* **Problem requirements**
Give exactly the lines from the one with "Car long 6-way" through the final line of the listing below, both included, leaving out any pictures.

* **Data**
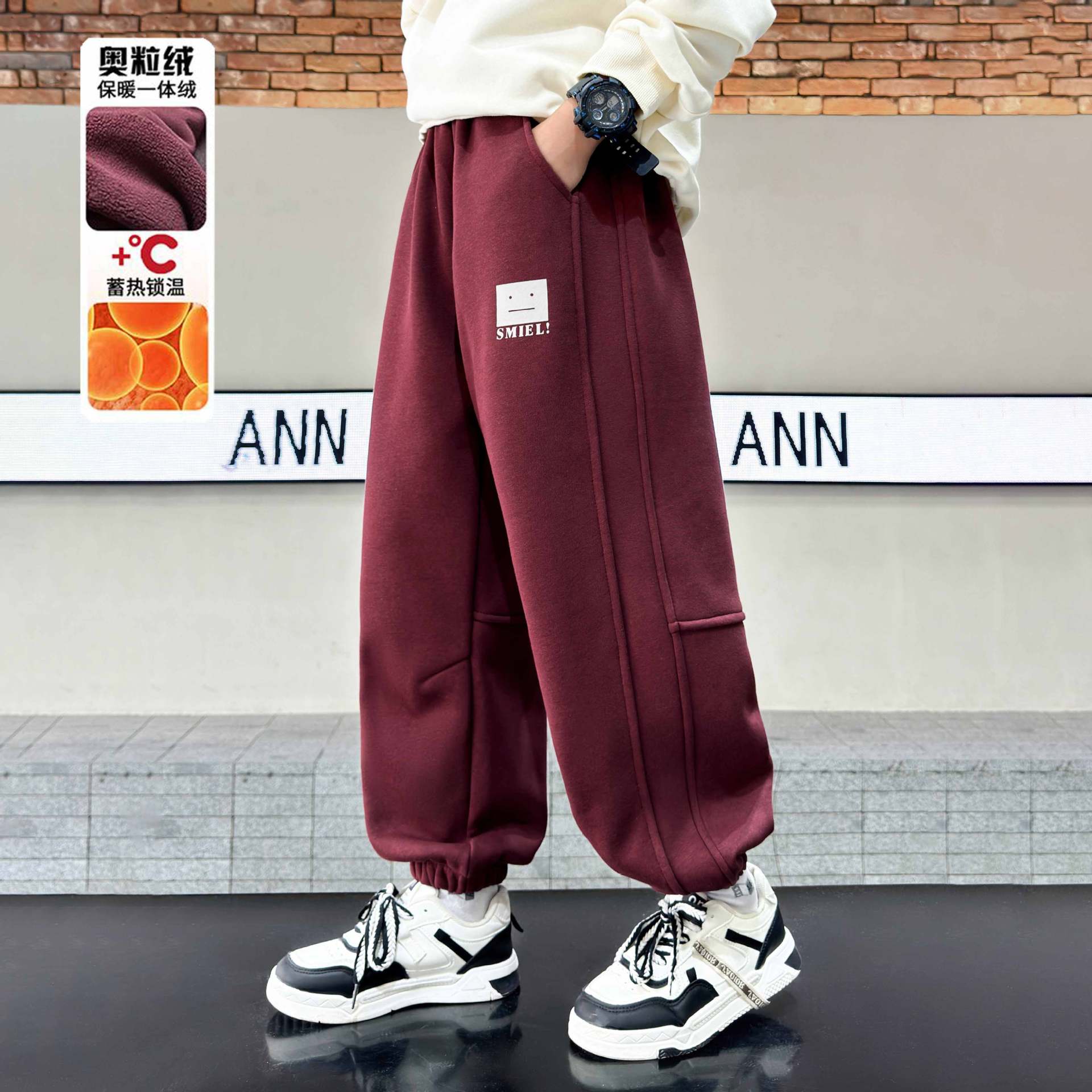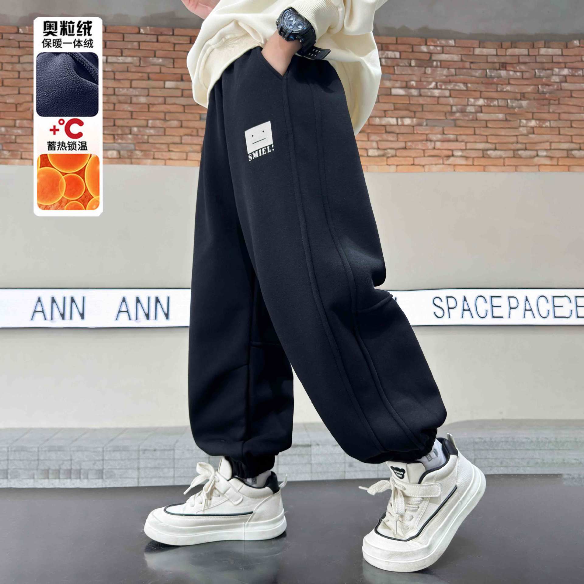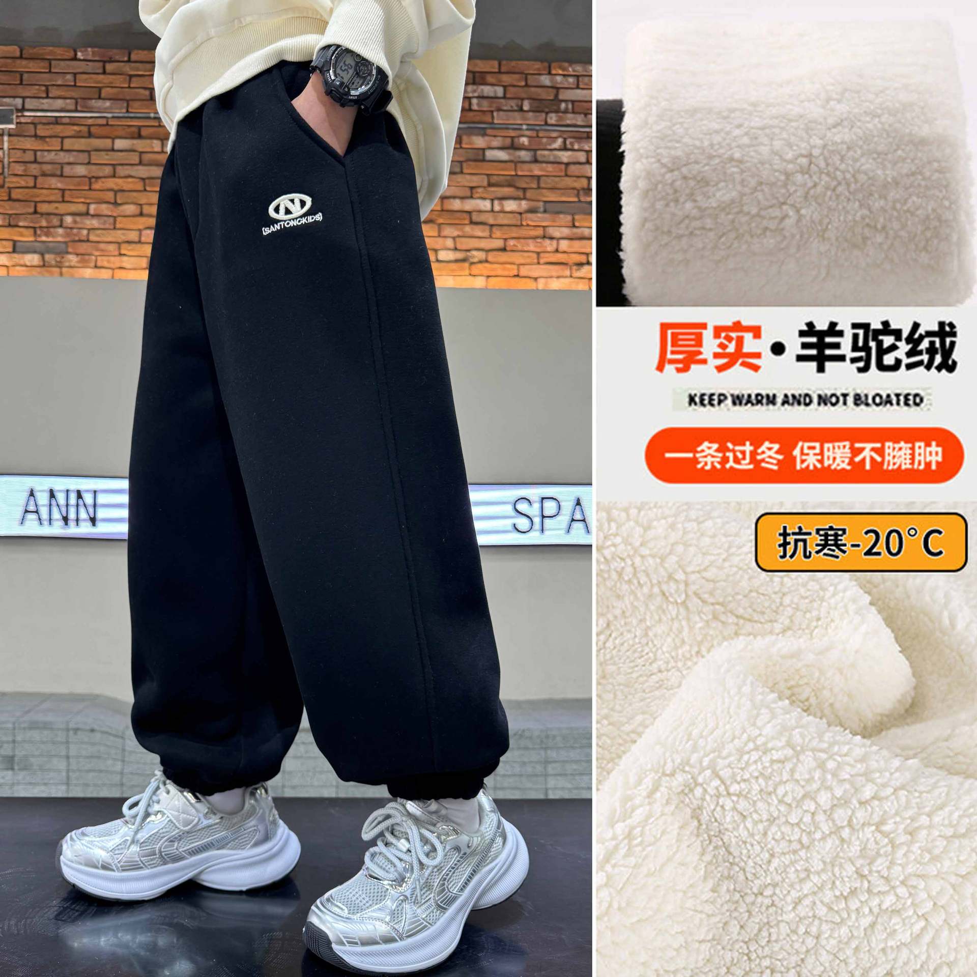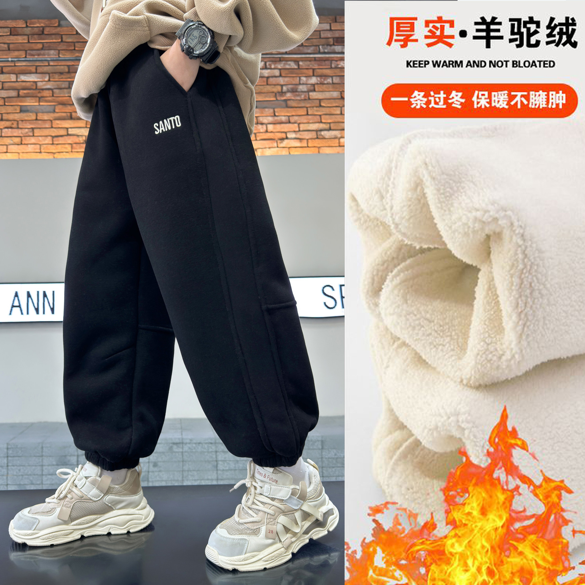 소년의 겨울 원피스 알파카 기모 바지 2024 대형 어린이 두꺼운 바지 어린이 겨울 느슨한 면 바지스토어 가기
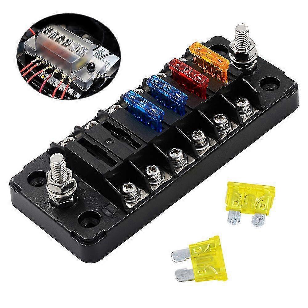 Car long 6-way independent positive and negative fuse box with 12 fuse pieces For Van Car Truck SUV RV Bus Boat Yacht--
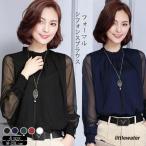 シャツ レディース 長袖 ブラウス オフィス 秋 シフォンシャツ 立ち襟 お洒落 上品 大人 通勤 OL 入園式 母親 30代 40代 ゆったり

* **Written response**
 Car long 6-way independent positive and negative fuse box with 12 fuse pieces For Van Car Truck SUV RV Bus Boat Yacht--
 シャツ レディース 長袖 ブラウス オフィス 秋 シフォンシャツ 立ち襟 お洒落 上品 大人 通勤 OL 入園式 母親 30代 40代 ゆったり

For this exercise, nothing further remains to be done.